This breaks big-endian aarch64 in a very bad way.  vec_perm<mode> is
enabled for big-endian but aarch64_expand_vec_perm will ICE right
away.  Can you please test big-endian also next time?
Here is the shortest testcase which fails at -O3:

void fill_window(unsigned short *p, unsigned wsize)
{
    unsigned n, m;
    do {
       m = *--p;
       *p = (unsigned short)(m >= wsize ? m-wsize : 0);
    } while (--n);
}

This comes from zlib and it blocks my building of the trunk.

Thanks,
Andrew Pinski



>
> Thanks,
> James Greenhalgh
>
> ---
> gcc/
>
> 2012-12-04  James Greenhalgh  <james.greenhalgh@arm.com>
>
>         * config/aarch64/aarch64-protos.h
>         (aarch64_split_combinev16qi): New.
>         (aarch64_expand_vec_perm): Likewise.
>         (aarch64_expand_vec_perm_const): Likewise.
>         * config/aarch64/aarch64-simd.md (vec_perm_const<mode>): New.
>         (vec_perm<mode>): Likewise.
>         (aarch64_tbl1<mode>): Likewise.
>         (aarch64_tbl2v16qi): Likewise.
>         (aarch64_combinev16qi): New.
>         * config/aarch64/aarch64.c
>         (aarch64_vectorize_vec_perm_const_ok): New.
>         (aarch64_split_combinev16qi): Likewise.
>         (MAX_VECT_LEN): Define.
>         (expand_vec_perm_d): New.
>         (aarch64_expand_vec_perm_1): Likewise.
>         (aarch64_expand_vec_perm): Likewise.
>         (aarch64_evpc_tbl): Likewise.
>         (aarch64_expand_vec_perm_const_1): Likewise.
>         (aarch64_expand_vec_perm_const): Likewise.
>         (aarch64_vectorize_vec_perm_const_ok): Likewise.
>         (TARGET_VECTORIZE_VEC_PERM_CONST_OK): Likewise.
>         * config/aarch64/iterators.md
>         (unspec): Add UNSPEC_TBL, UNSPEC_CONCAT.
>         (V_cmp_result): Add mapping for V2DF.
>
> gcc/testsuite/
>
> 2012-12-04  James Greenhalgh  <james.greenhalgh@arm.com>
>
>         * lib/target-supports.exp
>         (check_effective_target_vect_perm): Allow aarch64*-*-*.
>         (check_effective_target_vect_perm_byte): Likewise.
>         (check_effective_target_vect_perm_short): Likewise.
>         (check_effective_target_vect_char_mult): Likewise.
>         (check_effective_target_vect_extract_even_odd): Likewise.
>         (check_effective_target_vect_interleave): Likewise.
Andrew Pinski - Jan. 8, 2014, 12:10 a.m.
On Tue, Jan 7, 2014 at 4:05 PM, Marcus Shawcroft
<Marcus.Shawcroft@arm.com> wrote:
>
> On 7 Jan 2014, at 23:10, Andrew Pinski <pinskia@gmail.com> wrote:
>
>> On Tue, Dec 4, 2012 at 2:31 AM, James Greenhalgh
>> <james.greenhalgh@arm.com> wrote:
>>>
>>> Hi,
>>>
>>> This patch adds support for Vector Shuffle style operations
>>> through support for TARGET_VECTORIZE_VEC_PERM_CONST_OK and
>>> the vec_perm and vec_perm_const standard patterns.
>>>
>>> In this patch we add the framework and support for the
>>> generic tbl instruction.
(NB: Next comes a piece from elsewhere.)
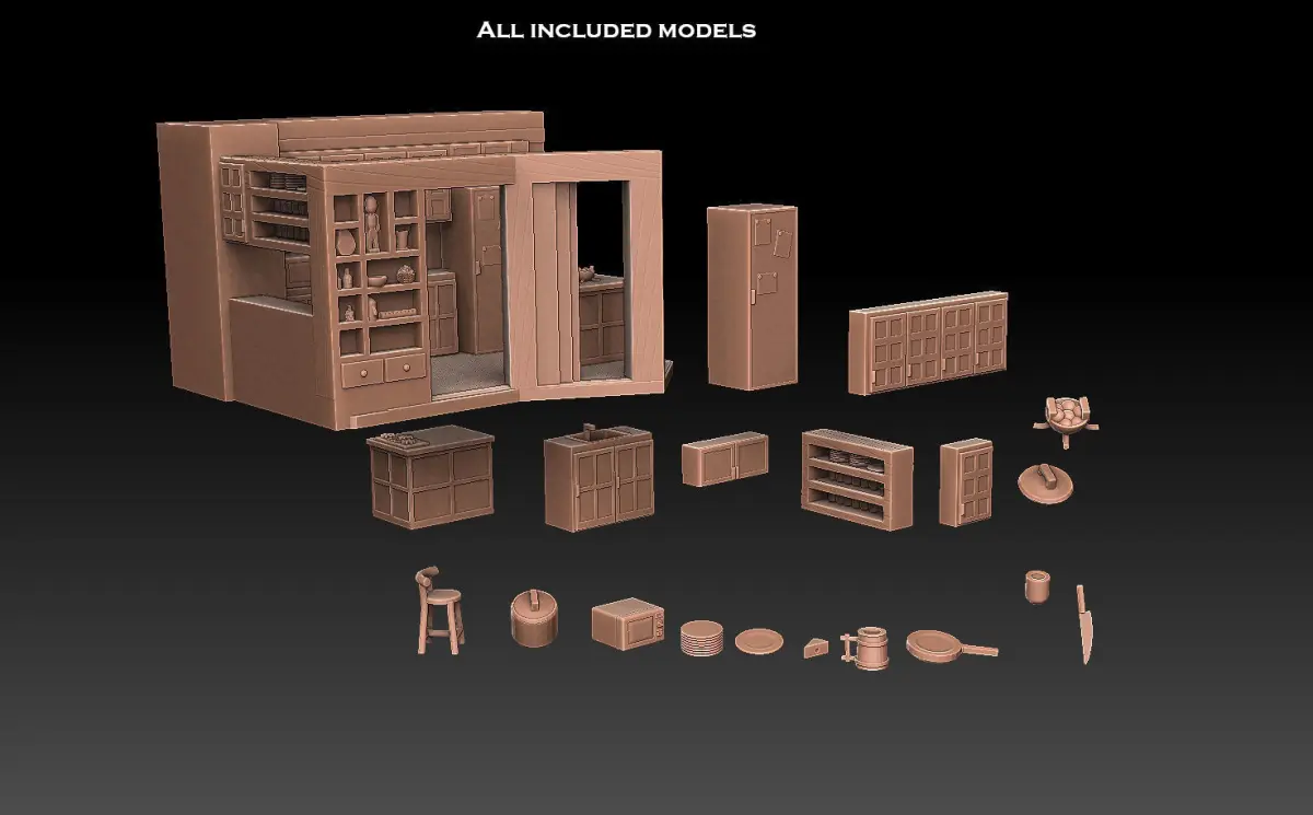 This model pack contains models originally part of a larger model kit based on the apartment from the sit-com Frasier. I've taken all the models included in the kitchen section of that apartment, and released as this separate product. These models are generally low-poly, and mainly intended for use as thematic decoration in tabletop games in the 28 to 54mm scale range. The models have all been prescaled to roughly 28mm scale, but you have to check their size in your slicer software and ajdust size according to you personal needs.

This can be used to handle any
>>> vector permute operation, but we can do a better job for
>>> some special cases. The second patch of this series does
>>> that better job for the ZIP, UZP and TRN instructions.
>>>
>>> Is this OK to commit?
>>
>> This breaks big-endian aarch64 in a very bad way.  vec_perm<mode> is
>> enabled for big-endian but aarch64_expand_vec_perm will ICE right
>> away.  Can you please test big-endian also next time?
>> Here is the shortest testcase which fails at -O3:
>>
>> void fill_window(unsigned short *p, unsigned wsize)
>> {
>>    unsigned n, m;
>>    do {
>>       m = *--p;
>>       *p = (unsigned short)(m >= wsize ? m-wsize : 0);
>>    } while (--n);
>> }
>>
>> This comes from zlib and it blocks my building of the trunk.
>>
>> Thanks,
>> Andrew Pinski
>>
>
> Andrew, We know that there are numerous issues with aarch64 BE advsimd support in GCC.  The aarch64_be support is very much a work in progress.  Tejas sorted out a number of fundamentals with a series of patches in November, notably in PCS conformance.  There is more to come.  However, aarch64_be-* support in gcc 4.9 is not going to match the level of quality for the aarch64-* port.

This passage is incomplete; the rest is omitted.